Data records
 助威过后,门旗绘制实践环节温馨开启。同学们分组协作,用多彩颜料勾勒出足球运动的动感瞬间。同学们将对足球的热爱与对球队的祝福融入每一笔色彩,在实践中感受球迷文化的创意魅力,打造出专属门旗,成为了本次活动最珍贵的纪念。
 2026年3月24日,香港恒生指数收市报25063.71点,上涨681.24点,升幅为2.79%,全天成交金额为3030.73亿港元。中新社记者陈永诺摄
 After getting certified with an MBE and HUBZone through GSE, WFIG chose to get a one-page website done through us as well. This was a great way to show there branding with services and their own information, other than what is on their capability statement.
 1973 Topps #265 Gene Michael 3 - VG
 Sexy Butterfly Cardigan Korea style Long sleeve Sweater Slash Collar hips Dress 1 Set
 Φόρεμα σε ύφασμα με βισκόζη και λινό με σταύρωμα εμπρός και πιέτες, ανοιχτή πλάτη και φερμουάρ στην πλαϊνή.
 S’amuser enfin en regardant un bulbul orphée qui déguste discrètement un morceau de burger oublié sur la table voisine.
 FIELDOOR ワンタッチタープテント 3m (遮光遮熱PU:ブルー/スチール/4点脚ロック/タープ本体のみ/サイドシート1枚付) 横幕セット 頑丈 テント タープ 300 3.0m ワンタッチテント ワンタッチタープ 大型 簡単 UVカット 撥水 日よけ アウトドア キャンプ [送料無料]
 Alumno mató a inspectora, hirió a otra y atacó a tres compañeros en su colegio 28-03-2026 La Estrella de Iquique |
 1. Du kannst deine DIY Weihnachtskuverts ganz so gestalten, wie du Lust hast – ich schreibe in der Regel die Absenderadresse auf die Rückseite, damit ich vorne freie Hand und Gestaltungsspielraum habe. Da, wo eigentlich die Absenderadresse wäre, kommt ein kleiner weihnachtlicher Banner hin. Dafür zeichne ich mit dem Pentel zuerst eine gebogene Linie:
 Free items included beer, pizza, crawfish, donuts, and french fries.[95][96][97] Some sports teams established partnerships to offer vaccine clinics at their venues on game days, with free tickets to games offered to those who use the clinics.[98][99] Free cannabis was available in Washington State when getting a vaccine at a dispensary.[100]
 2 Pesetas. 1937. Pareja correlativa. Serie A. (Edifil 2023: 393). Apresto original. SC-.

- [TASK DESCRIPTION] Could you copy every line from the records that has "with" in it?

- [SOLUTION]
 After getting certified with an MBE and HUBZone through GSE, WFIG chose to get a one-page website done through us as well. This was a great way to show there branding with services and their own information, other than what is on their capability statement.
 Free items included beer, pizza, crawfish, donuts, and french fries.[95][96][97] Some sports teams established partnerships to offer vaccine clinics at their venues on game days, with free tickets to games offered to those who use the clinics.[98][99] Free cannabis was available in Washington State when getting a vaccine at a dispensary.[100]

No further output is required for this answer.